Reviewing C# foreach, Part 1
If you’re a C# developer, you probably use the foreach language keyword all the time. I love this keyword, because it drastically simplifies a lot of the boilerplate we’d otherwise have to write ourselves. It makes consuming Iterators very easy, and aligns the programming language very closely to natural language constructs. With that said, have you ever looked at the code that gets generated by the C# compiler? That’s the topic of this post, so let’s dig in!

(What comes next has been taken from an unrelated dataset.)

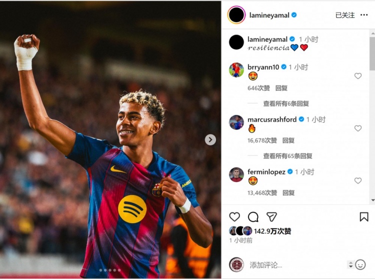 亚马尔赛后社媒晒照庆祝收效,配文:“执意。”
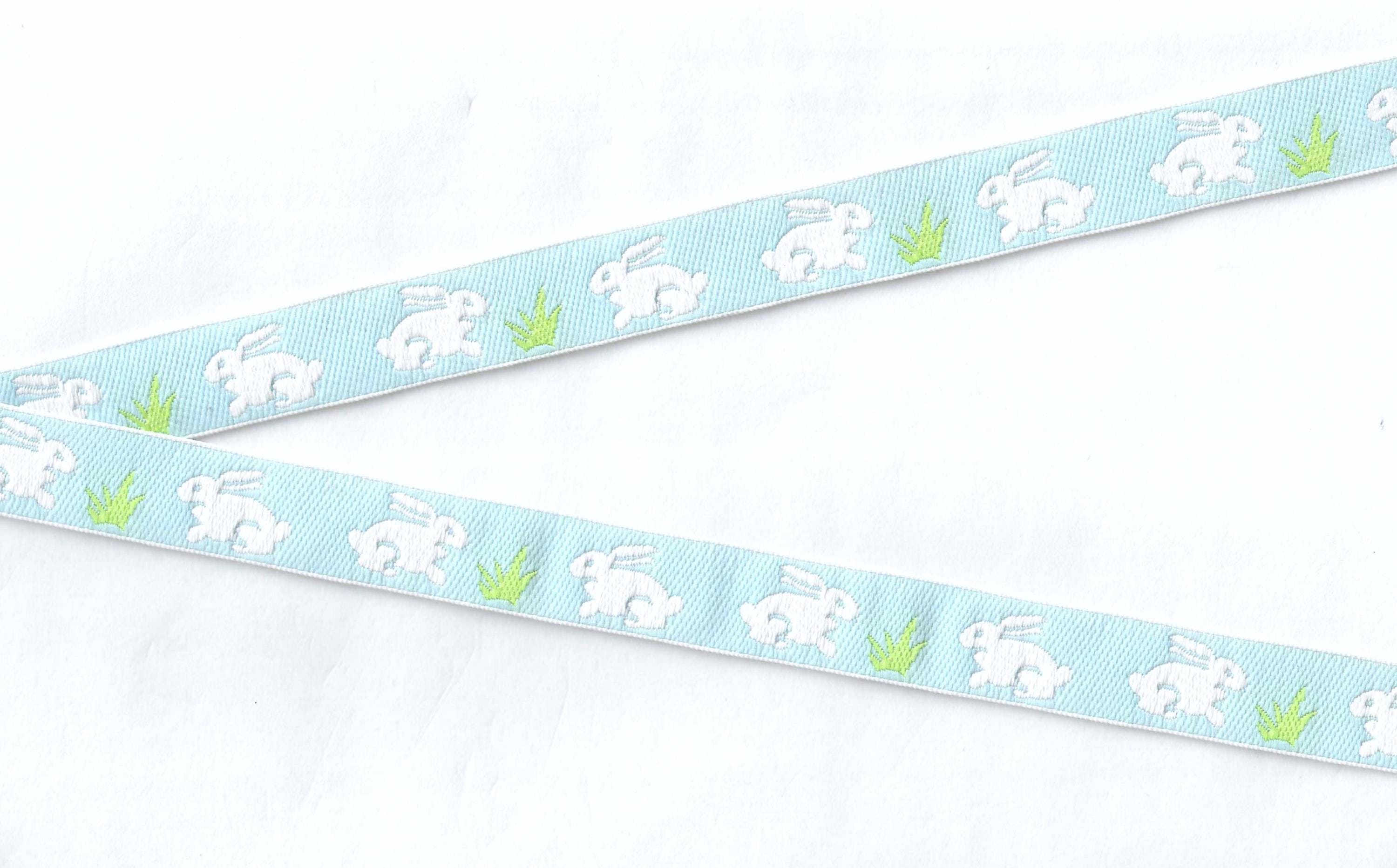 ANIMALS/Farm C-02-C Jacquard Ribbon Poly Trim 5/8" wide (16mm) Easter, Blue w/White Rabbits

I love digging into details about programming languages, and frequently look at the Intermediate Language (IL) the Roslyn compiler generates for my code. A lot of my interest in this area came from Joe Duffy and Eric Lippert, and Mads Torgersen. Joe talks a lot about safety mechanisms in programming languages and concurrency on his blog, and Eric has discussed all sorts of interesting programming language things on his blog. A lot of this also gave me a deep appreciation for code contracts (not to be confused with the Code Contracts technology).
So how does the foreach
keyword work, anyway? You could read the part of the
language specification regarding foreach, and would save
yourself quite a bit of time doing it. The docs are also great,
and I highly recommend reading them (if you haven’t). But, with that said, it’s
more satisfying to dig in yourself, which is what we’re going to do here!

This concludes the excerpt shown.